Improvement over the prior baseline (v1):

```{r improvement-summary}
#| echo: false
# Hard-coded v1 baseline
v1_baseline <- tibble(
  Metric = c("Labels mapped", "Labels unmapped", "Rows mapped", "Rows unmapped"),
  v1 = c(149, 48, 2641, 153)
)

v2_current <- lookup_df |>
  summarise(
    "Labels mapped" = sum(!is.na(endpoint_2000_code)),
    "Labels unmapped" = sum(is.na(endpoint_2000_code)),
    "Rows mapped" = sum(n_rows_2016[!is.na(endpoint_2000_code)], na.rm = TRUE),
    "Rows unmapped" = sum(n_rows_2016[is.na(endpoint_2000_code)], na.rm = TRUE)
  ) |>
  pivot_longer(everything(), names_to = "Metric", values_to = "v2")

improvement <- v1_baseline |>
  left_join(v2_current, by = "Metric") |>
  mutate(
    Change = v2 - v1,
    Change = paste0(ifelse(Change > 0, "+", ""), Change)
  )

kable(improvement, format = "html", col.names = c("Metric", "v1", "v2", "Change"))
```

The 36 remaining unmapped rows span 25 distinct labels. These are predominantly low-frequency, highly specific reproductive or morphological metrics (e.g. `Sperm motility`, `Valve movement`, `Byssus production`) that do not map cleanly to any of the 2000 codes and are unlikely to materially affect SSD outputs given their low row counts.

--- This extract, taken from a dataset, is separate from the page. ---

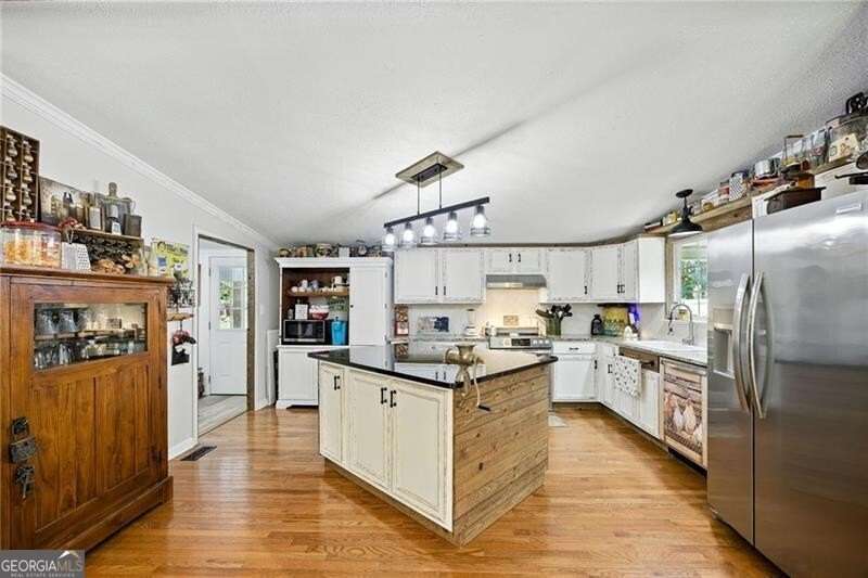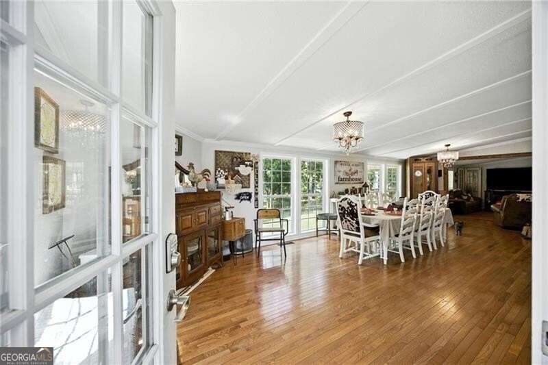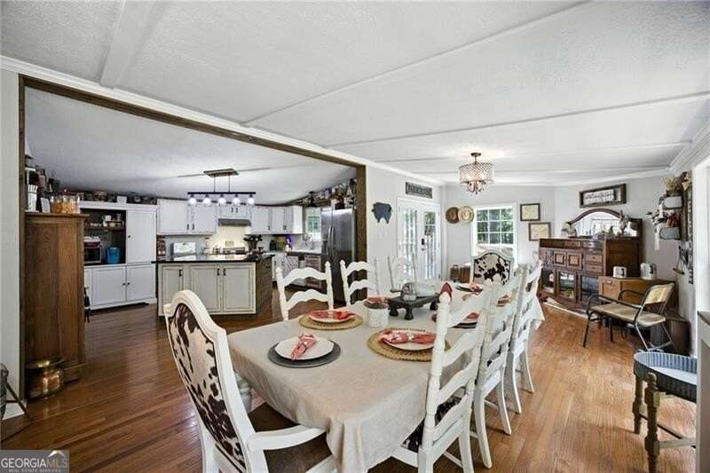 Discover the perfect blend of country charm and modern convenience with this beautifully remodeled Manufactured home set on a permanent foundation. Nestled on 26 acres with 200+ Feet of Hudson River Frontage, this property offers privacy, space, and endless possibilities-all just minutes from downtown Commerce and convenient to I-85. Currently operating as a working mini-farm, the property is fully fenced and features multiple barns and outbuildings, a detached garage, and a 4-stall pole barn ideal for large campers, boats, or farm equipment. A natural pond adds to the serene landscape, while a custom outdoor fire pit or the Hand built pier on the pond makes the perfect gathering spot for family and friends. Animal lovers will appreciate the opportunity to continue the legacy of this farm: while livestock is not included, the seller is willing to leave behind two cherished donkeys (a bonded mother and son pair) for the right buyer. Whether you're seeking a private homestead, hobby farm, or a retreat with abundant space for recreation and storage, this property delivers. With gated drive, gorgeous landscape, and river frontage, it's truly a rare find.

## Remaining unmapped labels

Residual unmapped labels can be reviewed below. Each row includes the raw label, its normalised form, the number of 2016 rows it affects, and `needs_review = TRUE`.

```{r unmapped-table}
#| echo: false
unmapped <- lookup_df |>
  filter(needs_review == TRUE | is.na(endpoint_2000_code)) |>
  select(endpoint_2016_raw, endpoint_2016_norm, n_rows_2016, needs_review) |>
  arrange(desc(n_rows_2016))

kable(unmapped, format = "html", col.names = c("Raw Label", "Normalised", "Row Count", "Needs Review"))
```

To extend the mapping:

1. Open `endpoint_2016_to_2000_lookup_unmapped.csv` and identify labels that can be assigned a 2000 code
2. Add corresponding entries to the `manual_refined` lookup block in `endpoint_2016_to_2000_lookup_build.R`
3. Re-run the builder script to regenerate all three output files
4. Re-run `data_explore2000_2016.R` to incorporate the updated mapping into the consolidated pipeline

Where a 2016 label genuinely has no equivalent in the 2000 vocabulary (i.e. it represents a measurement type not captured in the 2000 framework), the appropriate action is to assign `endpoint_2000_code = NA` and document the rationale in a `notes` column, rather than forcing a misleading mapping.

## Notes

- The lookup table is intentionally one-row-per-raw-label to ensure deterministic joins. Duplicates are a load-time error in the main script.
- `map_method` records which stage produced each mapping (`manual_refined`, `rule_refined`, or `unmapped`), supporting audit of how each assignment was made.
- The builder script is idempotent: running it multiple times produces identical output files given the same database state.
- Because endpoint labels in the 2016 database are free-text entries in the `endpoint.name` field, new labels can appear if the database is updated. The lookup should be regenerated and reviewed whenever `toxicityvalue2016` is materially updated.